Attachments	(Terms of Use)
12:28 sar -q / AltSysrq output (30.40 KB, text/plain) 2004-11-12 23:20 UTC, John Caruso	no flags	Details
14:22 sar -q/AltSysrq output (77.21 KB, text/plain) 2004-11-12 23:23 UTC, John Caruso	no flags	Details
15:05 sar -q / AltSysrq output (77.21 KB, text/plain) 2004-11-12 23:26 UTC, John Caruso	no flags	Details
netdump output from a system crash (7/2/2005, 10:23am) (9.09 KB, text/plain) 2005-07-08 16:30 UTC, John Caruso	no flags	Details
View All

Links
System	ID	Private	Priority	Status	Summary	Last Updated
Red Hat Product Errata	RHBA-2004:550	0	normal	SHIPPED_LIVE	Updated kernel packages available for Red Hat Enterprise Linux 3 Update 4	2004-12-20 05:00:00 UTC
Red Hat Product Errata	RHSA-2005:663	0	qe-ready	SHIPPED_LIVE	Important: Updated kernel packages available for Red Hat Enterprise Linux 3 Update 6	2005-09-28 04:00:00 UTC

Description John Caruso 2004-11-12 23:13:32 UTC

Description of problem:
The kernel appears to hang for a short period (15-45 seconds), 
rendering the system completely unresponsive during that time.

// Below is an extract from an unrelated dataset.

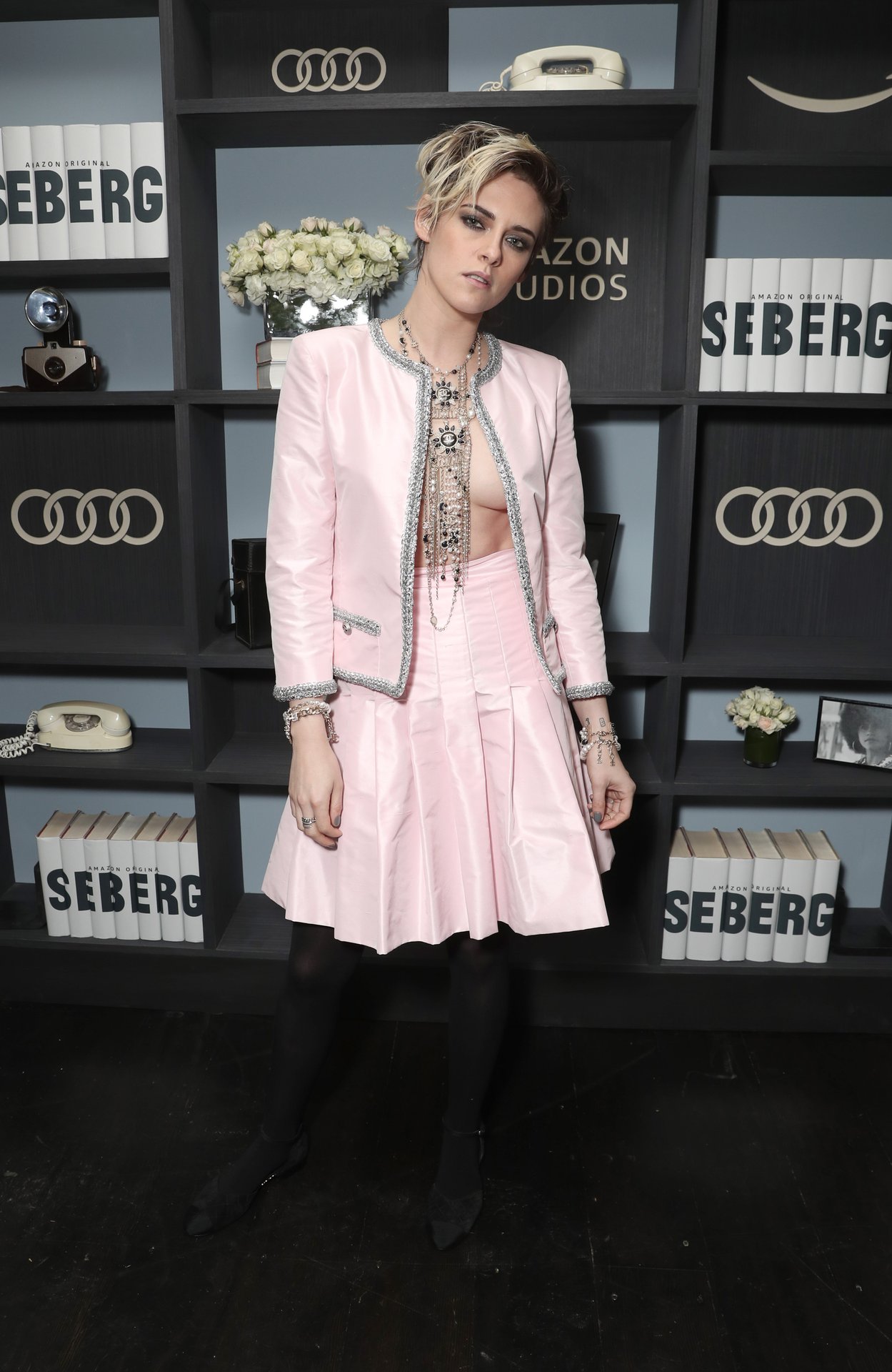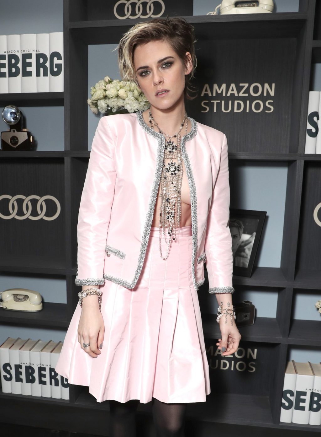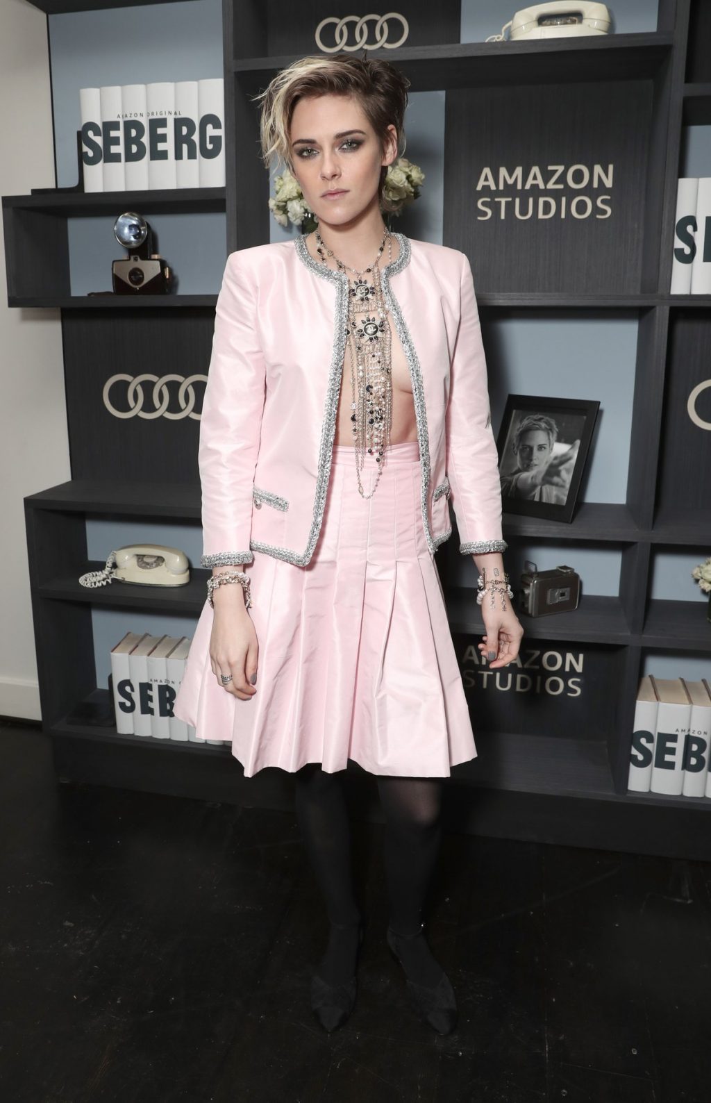 Актриса и звезда The Fappening Кристен Стюарт была замечена в розовом платье без бюстгальтера на специальном показе фильма Amazon Studios «Seberg» в Лос-Анджелесе, 12/10/2019.

Version-Release number of selected component (if applicable):
kernel-hugemem-2.4.21-20.EL

This occurs on a system running Oracle 9i and Veritas VCS (and 
nothing else).  The system is a production database server, and so 
it's always busy to some extent, but we can't tie these events to any 
specific Oracle operations.  We see these hangs fairly frequently--
maybe 4-5 times per day--and they don't appear to correlate at all to 
the level of database activity (we've had them happen late at night 
when the database is only very lightly used).

Additional info:
The "signature" of this event is that the load average shoots up to 
about 80.  However, this happens *after* the hang, based on our 
debugging thus far, and appears to be a result of processes backing 
up while the kernel is hung.  The other symptom is that the system 
becomes completely unresponsive (during the hang, but before the load 
spike).

I've set up monitoring to collect AltSysrq m, w, and t output every 
15 seconds, as well as sar -q data (which helps pinpoint when the 
event occurs).  We've had several occurrences of the bug today for 
which I've got data, so I'll attach those files separate.  Perhaps by 
comparing the data from before and after, you can tell what might be 
happening in the interim?  Because there's nothing we can do to see 
that--the system is completely unresponsive, as I said.

If you need us to be collecting other AltSysrq info, let me know.

Comment 1 John Caruso 2004-11-12 23:20:31 UTC

Created attachment 106619 [details]
12:28 sar -q / AltSysrq output

The timing on this one appeared to be between 12:28:05 and 12:29:15.

Comment 2 John Caruso 2004-11-12 23:23:22 UTC

Created attachment 106620 [details]
14:22 sar -q/AltSysrq output

This event happened somewhere between 14:22:15 and 14:23:09.

Comment 3 John Caruso 2004-11-12 23:26:55 UTC

Created attachment 106621 [details]
15:05 sar -q / AltSysrq output

This event started between 15:05:17 and 15:05:51.  Also, this one is a bit more
typical than the other two (i.e., more like the ones we typically see).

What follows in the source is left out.